③ クレジットカードの利用明細・領収証等
ラブホテル等の宿泊施設の宿泊料金を支払いっている場合には,不貞行為の存在を推認させることもあります。出張等とアリバイ工作をしているが,実際には会社を休んでいたなどのケースでは,その疑いが強まるでしょう。ただし,クレジットカードの利用明細上は不明確であることも多く,履歴の内容や時期,頻度等により,その有効性はケースバイケースと言えます。
④ メールやラインのやりとり
メールやラインのやりとり(画面を写真で撮ったものやメールやラインを転送したもの)をお持ちの方も少なくありません。
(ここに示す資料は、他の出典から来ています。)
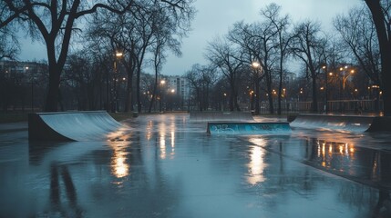 Blank mockup of a hybrid indooroutdoor skatepark design with a mix of street and transition elements. .
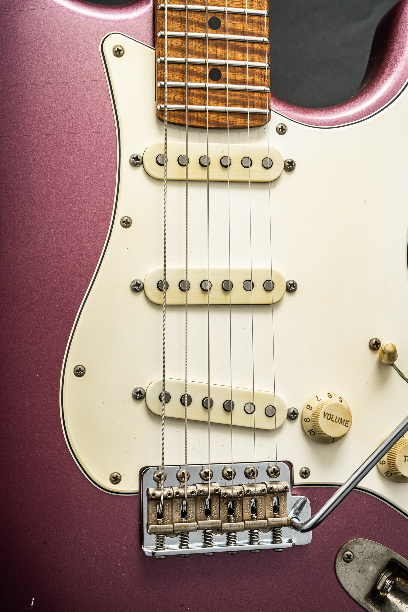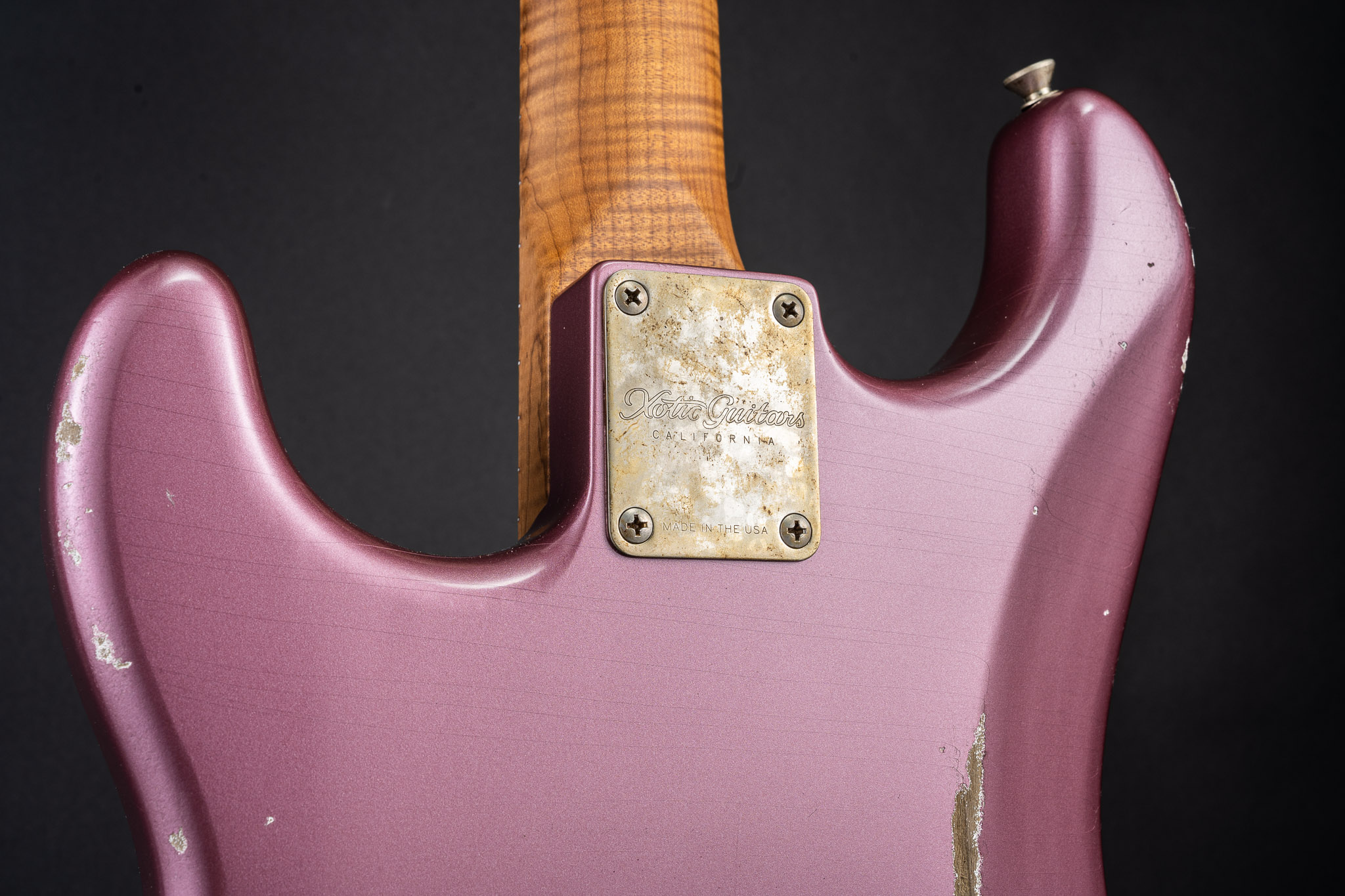 Gallery Guitar List XSC-1 Burgundy Mist #3055 Specs Body Wood: AlderAging: MediumNeck: Master Grade Roasted Flame Maple neck and fingerboard
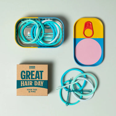 The beautiful tin contains 10 hair ties and 6 bobby pins for taming manes on the go. Think cars, gyms and school bags.
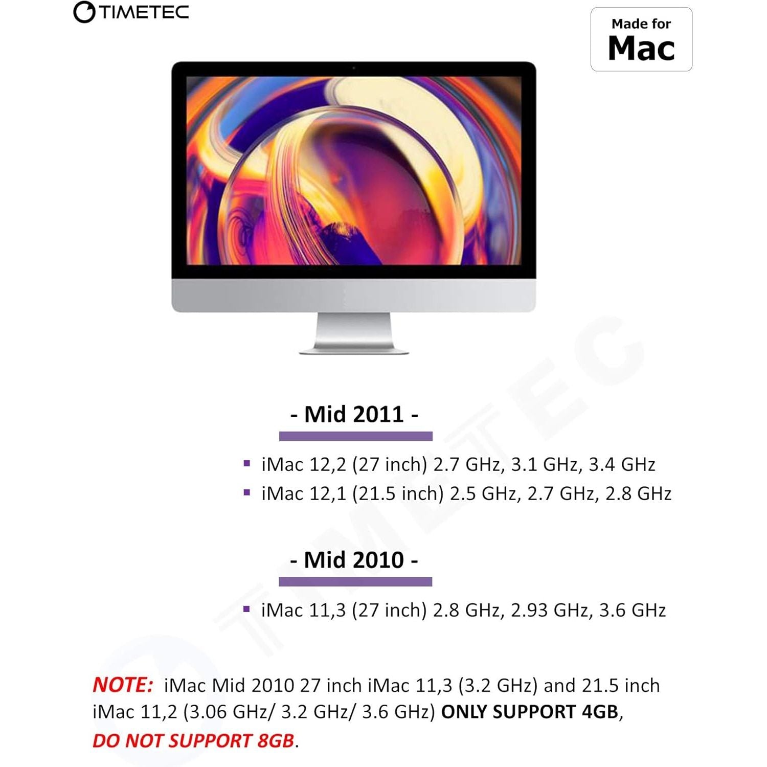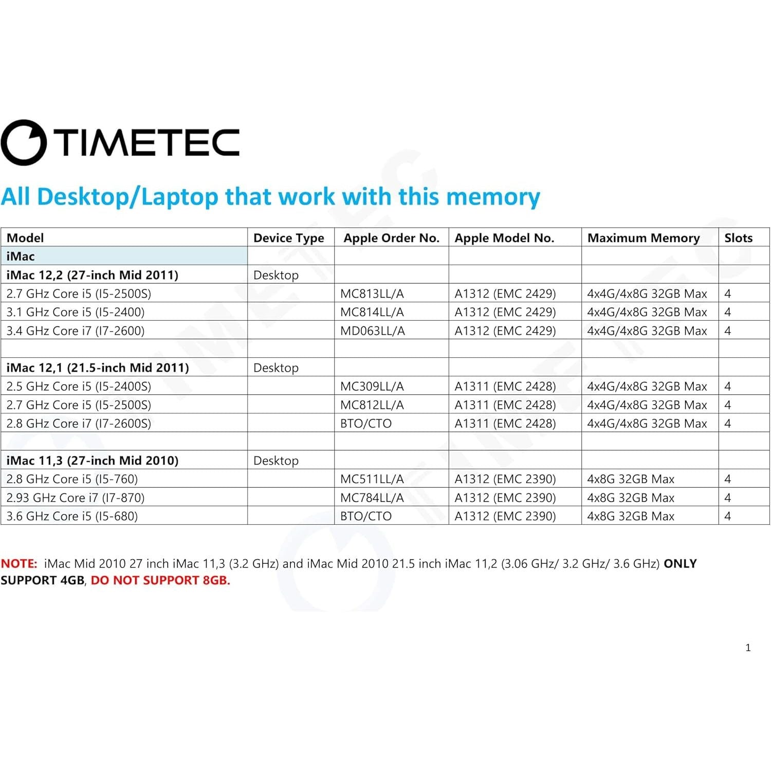 - Timetec 32GB KIT(4x8GB) Compatible for Apple DDR3 1333MHz PC3-10600 CL9 for iMac (Mid 2010 27 inch, Mid 2011 21.5/27 inch) SODIMM Memory Module MAC RAM Upgrade for iMac 11,3 / iMac 12,1 / iMac 12, 2
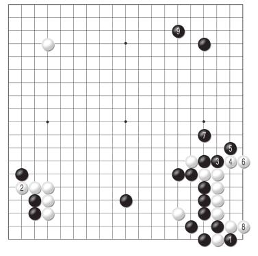 白如1位打吃,黑2拐打一下是先手,再4位消劫,本图与图六比较区别不大,同样是黑棋优势的结果。
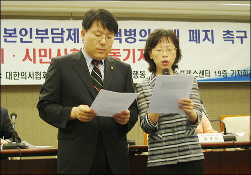 한편 이날 기자회견에는 의협에서 박경철 공보이사 겸 대변인, 장윤철 상근부회장, 건강세상네트워크 조경애 공동대표, 한국빈곤문제연구소 류정순 소장, 인권운동사랑방 활동가 최명숙씨, 인도주의실천의사협의회 이상윤 사무국장 등이 참석했다.
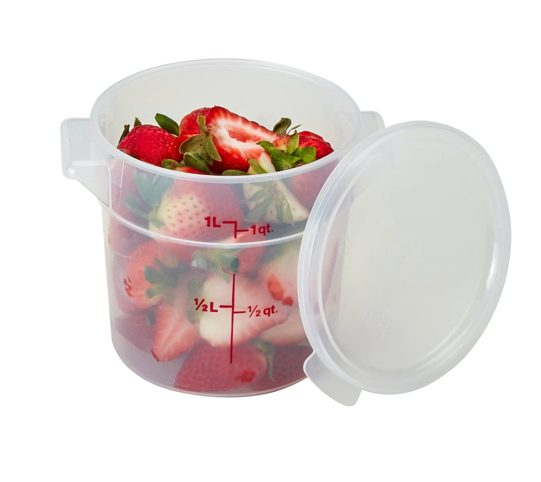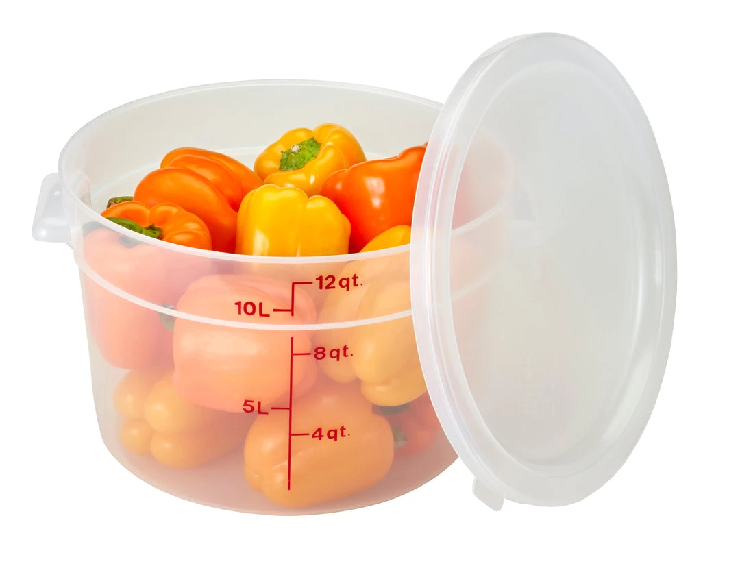 - Molded in handles on 12, 18, and 22 QTs offer ergonomic lifting
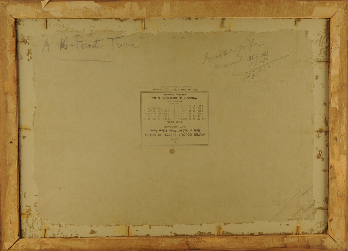 Aquarelle, signée, titrée, dédicacée " To my old friend Bernard Lachèvre " et datée " 1925 " en bas à gauche. Porte une inscription au crayon au dos " A 16 - Point Turn ".
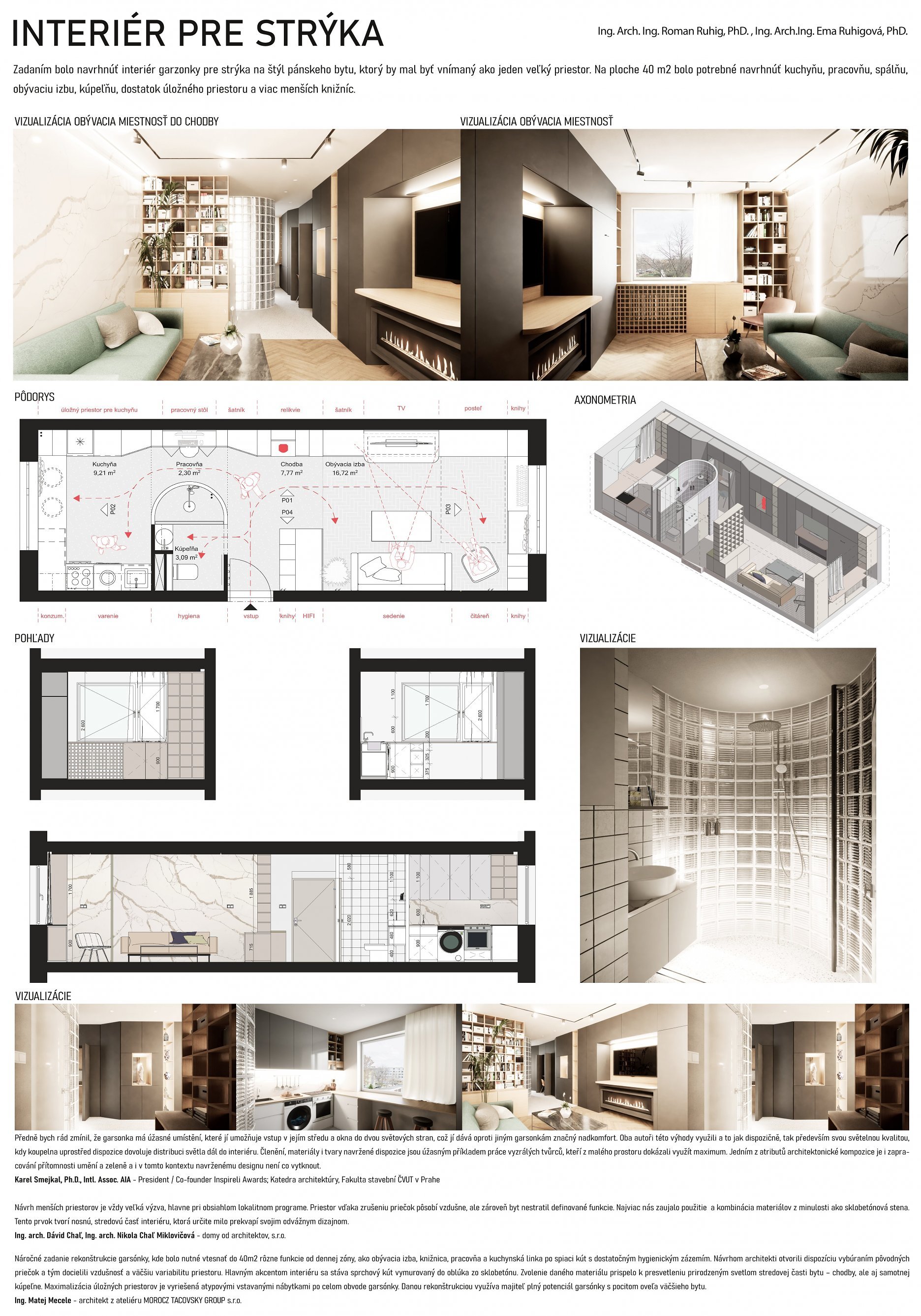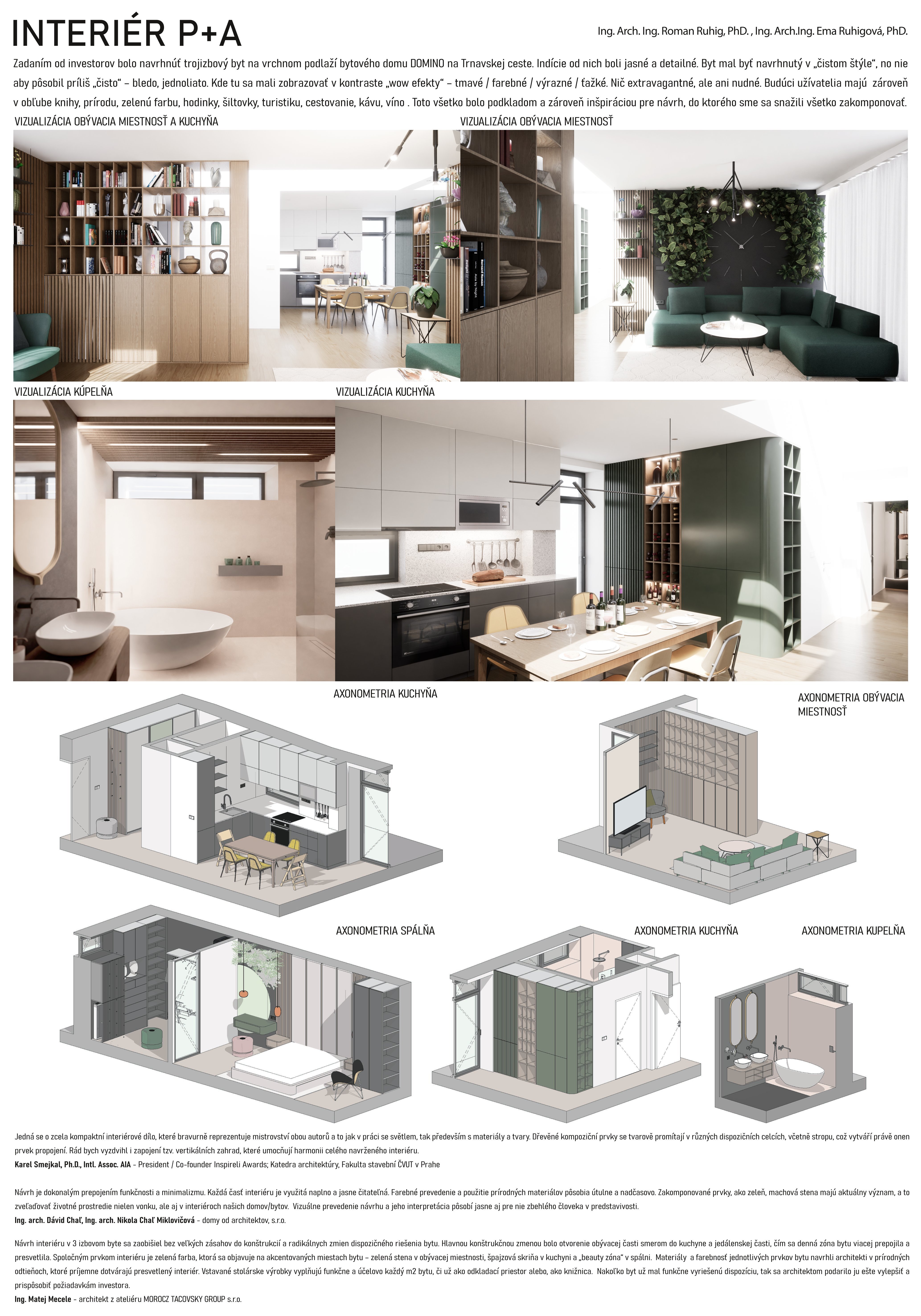 Návrh je dokonalým prepojením funkčnosti a minimalizmu. Každá časť interiéru je využitá naplno a jasne čitateľná. Farebné prevedenie a použitie prírodných materiálov pôsobia útulne a nadčasovo. Zakomponované prvky, ako zeleň, machová stena majú aktuálny význam, a to zveľaďovať životné prostredie nielen vonku, ale aj v interiéroch našich domov/bytov. Vizuálne prevedenie návrhu a jeho interpretácia pôsobí jasne aj pre nie zbehlého človeka v predstavivosti.
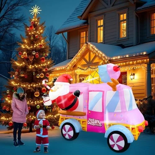 30 Days Return Policy Fast Delivery Trusted seller 8FT Santa Ice Cream Truck Inflatable, Cute Christmas Inflatable Outdoor Decoration Santa Claus Blow Up Snowman Cone in Giant Pink Van with Built-in LEDs & Blower for Yard Xmas Party Decor Product Description 【8FT Christmas Santa Truck Inflatable】The christmas inflatable outdoor decoration features an adorable pink ice cream van with antlers, a happy santa claus holding a snowman ice cream, a perfect addition to your winter wonderland display! What's more, the blower, adapter, ground stakes and fastened ropes that everything needed for setup are all included in the package. 【Outdoor Lighted Christmas Decorations】Adorned with 7 LED lights, when darkness falls, this christmas truck inflatable will light up your front yard, creating a warm and inviting glow that's sure to delight all passersby, making this a delightful addition to your outdoor Christmas decor. Your kids and friends will love this joyful addition to your blow up Christmas decorations. 【Weather Resistant Christmas Yard Inflatables】Made of 210T polyester, this outdoor inflatable christmas decorations is not only waterproof, but also soft, durable, and wear-resistant, rest assured that it's built to withstand years of use. With the added sandbags, fastened ropes and ground stakes, this santa claus inflatable can confidently face any wind or snow challenge or any other weather conditions that may come its way. 【Easy Installation with Self-Inflation】Setting up this ice cream snowman outdoor Christmas decorations is a breeze. It features a built-in blower that self-inflates blow up santa in seconds. Simply plug in and watch as it pops up magically before your eyes. The lightweight materials and user-friendly design make it a snap for anyone to set up in their yard. And when the celebration is over, taking it down is just as easy. 【Perfect Outdoor Santa Claus Decorations】Transform your yard into a winter wonderland with this delightful 8 ft christmas inflatable outdoor decoration. Perfect for decorating your house, lawn, yard or patio with this Christmas inflatables snowman. The beautiful design of the Christmas outdoor decorations is sure to bring a smile to the faces of all who see it. Shipping Returns Payment Shipping Shipping is FREE to all addresses other than APO/PO boxes in the lower 48 states. All our stock ships from US-based warehouses. Shipped via USPS or UPS (depending on location and package weight) Unless stated otherwise, all orders will ship within 24-72 hours of your payment being processed. Check our feedback to see the great reviews of FAST shipping we offer. Returns As our valued customer, we will do our best to make sure the product you receive arrives to you on time and as expected. If you are not satisfied with your purchase, please contact us within 30 days of receiving your order to process a return. Payment We currently accept payment via eBay managed payments only. Once payment is cleared, we will dispatch your shipment within 1-3 business days. Please refer to the "Shipping" tab for more information regarding shipping speed to your destination.
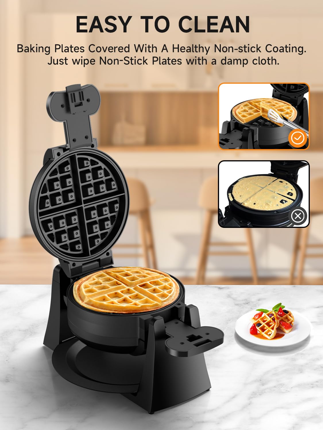 - 【180°ROTATING SYSTEM】The rotating Belgian waffle maker‘s convenient 180° flip system allows the batter to fully coat the cooking plates for even heat distribution, so you end up with evenly-cooked fluffy waffles, browned on both the top and the bottom with no bald spots
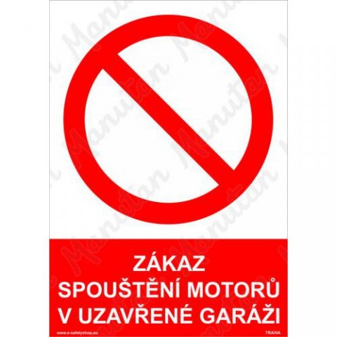 Bezpečnostní značení tabulkou, značkou nebo samolepkou "Zákaz spouštění motorů v uzavřené garáži" je tištěno na vysoce kvalitním materiálu, barvami s vysokou odolností proti otěru a UV záření. Tak, aby provedení značení bylo plně v souladu s Nařízením vlády č. 375/2017 Sb., ČSN ISO 3864 a ČSN ISO 3864-1. Tabulka upozorňuje na zákaz spouštění motorů v uzavřené garáži.Zákazové tabulky - Zákaz spouštění motorů v uzavřené garáži
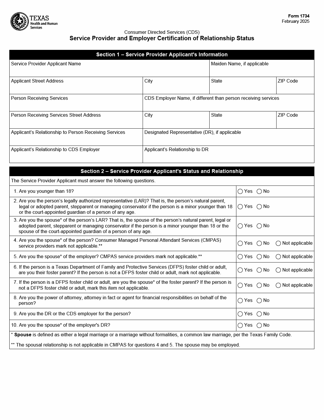 TX HHS Form 1734. Service Provider and Employer Certification of Relationship Status for CDS
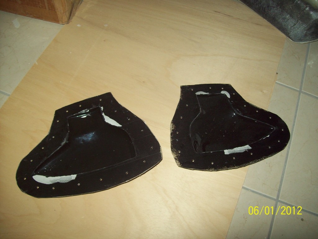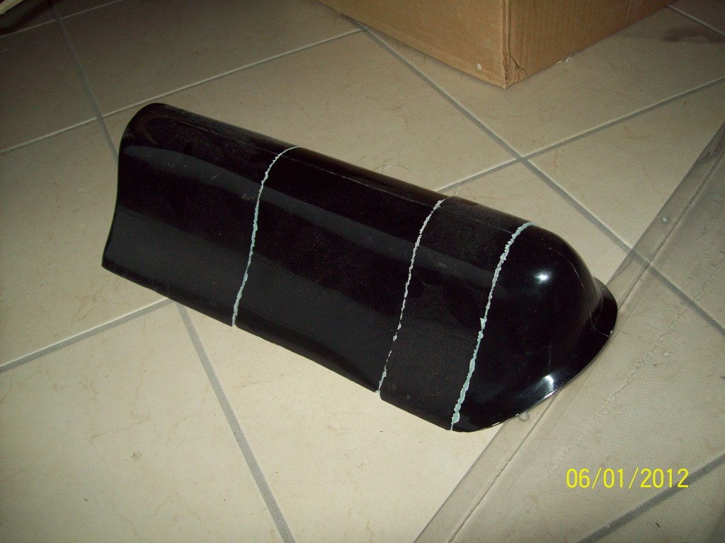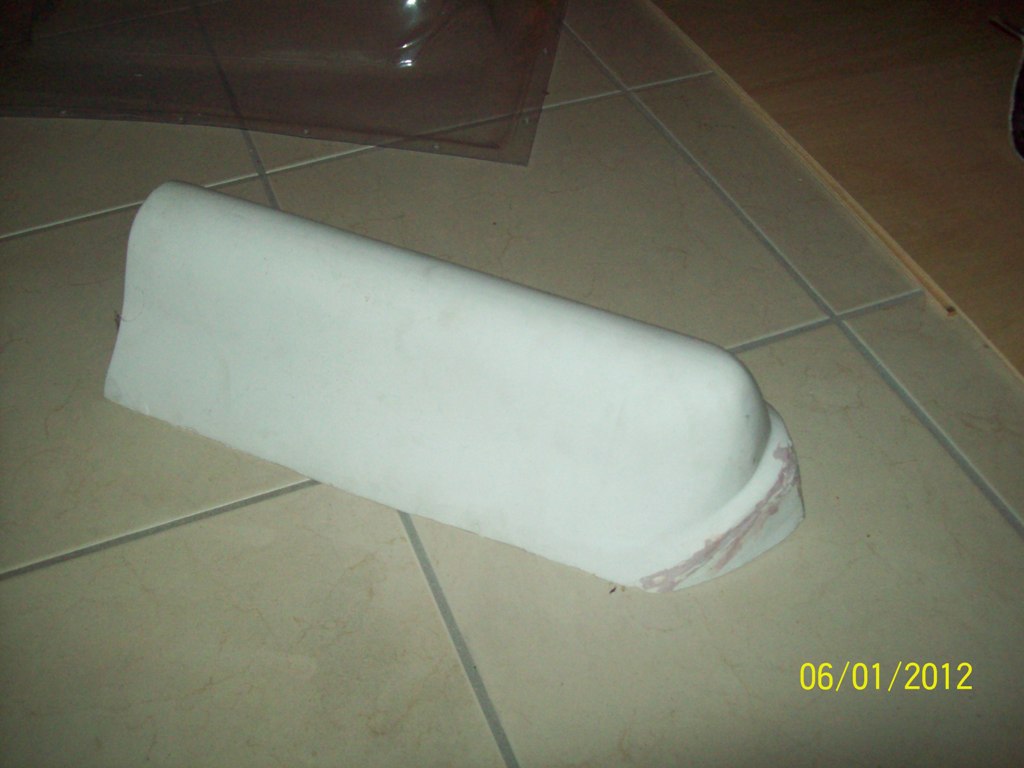 Εδώ βλέπετε το εκμαγείο από εξηλασμένη πολυστερίνη ρητινωμένο και βαμένο. Τα κοψίματα έγιναν αργότερα για να χρησιμεύσουν σαν πατρόν για τα ανοιγόμενα και σταθερά τμήματα της καλύπτρας

これらの証拠も,内容次第では,不貞行為の存在を強く推認することがあります。
例えば,肉体関係を前提としているやりとり,婚姻していることを前提とするやりとり,過度の愛情表現等のやりとりがあれば,証拠としての威力は大でしょう。
また,愛情表現(「逢いたい」とか「大好きだよ」)を送ること自体に,不法行為の成立を認めた事例も存在します(東京地裁平成24年11月28日)。
ただし,前述のとおり,携帯電話のデータを丸ごと自己のPCにコピーしていたケースにおいて,証拠能力(証拠として用いる適格)がないとして否定したものもありますので,入手方法には注意が必要です。
一つのポイントは,不貞とは関係のない第三者とのやりとりなど,不貞とは関係のないデータは害さないことかもしれません。
また,何らかの方法でパスワードを解除して携帯電話を閲覧すると,証拠能力が否定されなくても,後にプライバシーの侵害と主張される可能性もあります点には注意が必要です。
⑤ その他
その他にも,住民票(異動しているもの)や戸籍謄本(認知している子),スイカの履歴,フェイスブックやツイッターやブログの記事,不貞相手からの贈り物や手紙,日記,第三者の目撃供述など,様々な証拠が考えられます。
まずは,お手元にある証拠を手に,弁護士にご相談されるのも一つです。